**Task brief**
Begin with the line that holds "游戏中的障碍物设计独具匠心,特别是那些尖" and retype through the last line of the listing below, exactly; pictures are not part of the copy.
(Beginning of Entries supplied)
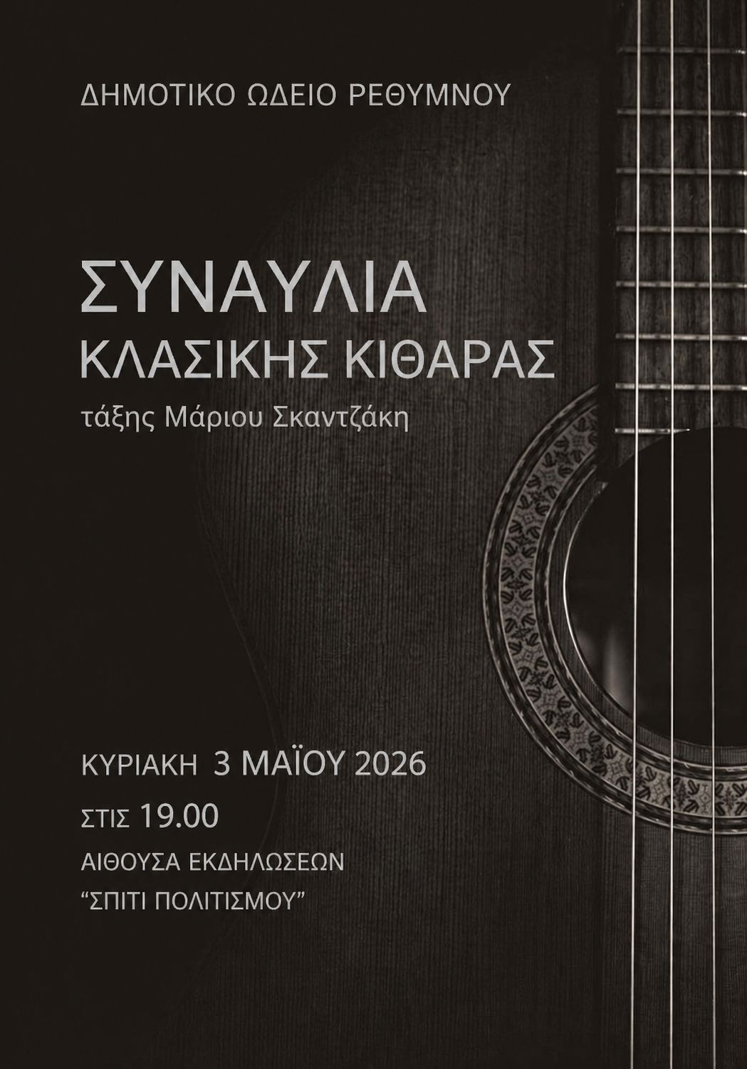 Συναυλία Κλασικής Κιθάρας διοργανώνει το Δημοτικό Ωδείο Ρεθύμνου, την Κυριακή, 03 Μαϊου στις 19:00,στο «Σπίτι του Πολιτισμού».
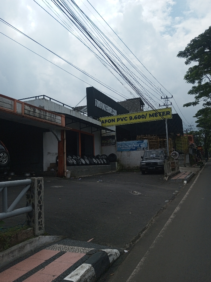 The image depicts a roadside scene featuring commercial buildings under an overcast sky. In the foreground, an asphalt road runs parallel to a sidewalk, separated by a black and white striped curb. A patterned concrete ramp leads from the sidewalk into a commercial property. On the left, a two-story building with a flat roof houses an open-bay workshop or tire shop, where a vehicle is visible on a lift with its wheels removed. Approximately 10-12 sets of car wheels are displayed on a raised platform in front of this bay. Multiple signs are affixed to the buildings. A prominent black sign with white text "TOKO INTERIOR.COM" is visible on the upper part of the main structure. Below it, a yellow banner with black text reads "AFON PVC 9.600/ METER". A blue banner, partially visible, displays "#speedstyle Accelera". A dark-colored, boxy SUV, possibly a Toyota Kijang, is parked in the forecourt facing the viewer, positioned beneath the yellow banner. Its license plate, "DK 1714 FA", is visible, indicating the vehicle is registered in Bali, Indonesia. A "FUJIO" sticker is present on its windshield. Numerous black utility wires traverse the upper frame, supported by poles visible towards the right. Green foliage from trees is present on the far right, bordering the road. No individuals are visible in the scene. The overall lighting suggests daytime with heavy cloud cover.
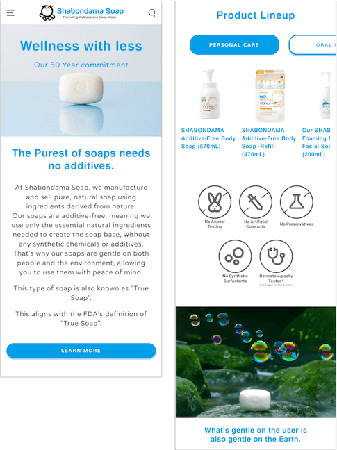 「無添加石けん」の販売土壌を築くための市場調査や競合分析などを行いながら、グローバル展開に向けたサイト戦略を策定。
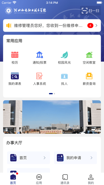 河北机电职业技术学院移动办公系统,采用iPhone等智能手持终端设备作为移动终端,通过校园内外、公共场所WiFi环境、移动运营商提供的GPRS、4G、5G等网络,接入学校的网络办公系统,使办公自动化系统的应用摆脱地理空间的约束,实现学校日常工作。通过课表校历、通知公告、会议日程、成绩报告等功能,带给师生不一样的使用体验。
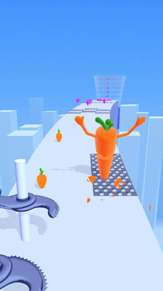 游戏中的障碍物设计独具匠心,特别是那些尖锐的障碍,一旦碰到就会让胡萝卜的体积缩小,大大增加了游戏的挑战性。成长系统是游戏的核心亮点,胡萝卜的体积越大,通过障碍的难度就越低,这也鼓励玩家尽可能多地收集小胡萝卜。游戏的终极目标是让胡萝卜在终点榨汁机中榨出尽可能多的果汁,这个独特的目标设定让游戏充满了成就感和趣味性。整个游戏过程既紧张刺激又充满欢乐,适合各个年龄段的玩家体验。
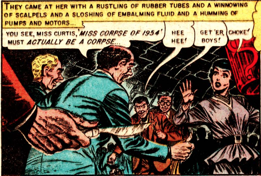 may have given the cold miss a few too many sleeping tablets. Quickly erasing all evidence, she calls the cops and sobs out the story of her best friend's suicide. Shrugging her shoulders and glad she's rid of Joyce, Helen heads to the award ceremony, held in the dank basement of a creepy brownstone. Too late, Helen discovers, as several men emerge from the shadows with gleaming blades, she's actually going to become Miss Corpse of 1954! The ludicrosity factor of "Beauty Rest" is very high, dangerously high. How would these undertakers ever get away with the murder when other women entered the contest? What possible motive would they have for wanting an actual corpse? Are they ghouls or simply maniacs united in one common goal? Too many questions? Maybe. Have I spent too much space pondering this dreadful waste of time? Certainly.
(End of Entries supplied)
**Task answer**
 游戏中的障碍物设计独具匠心,特别是那些尖锐的障碍,一旦碰到就会让胡萝卜的体积缩小,大大增加了游戏的挑战性。成长系统是游戏的核心亮点,胡萝卜的体积越大,通过障碍的难度就越低,这也鼓励玩家尽可能多地收集小胡萝卜。游戏的终极目标是让胡萝卜在终点榨汁机中榨出尽可能多的果汁,这个独特的目标设定让游戏充满了成就感和趣味性。整个游戏过程既紧张刺激又充满欢乐,适合各个年龄段的玩家体验。
 may have given the cold miss a few too many sleeping tablets. Quickly erasing all evidence, she calls the cops and sobs out the story of her best friend's suicide. Shrugging her shoulders and glad she's rid of Joyce, Helen heads to the award ceremony, held in the dank basement of a creepy brownstone. Too late, Helen discovers, as several men emerge from the shadows with gleaming blades, she's actually going to become Miss Corpse of 1954! The ludicrosity factor of "Beauty Rest" is very high, dangerously high. How would these undertakers ever get away with the murder when other women entered the contest? What possible motive would they have for wanting an actual corpse? Are they ghouls or simply maniacs united in one common goal? Too many questions? Maybe. Have I spent too much space pondering this dreadful waste of time? Certainly.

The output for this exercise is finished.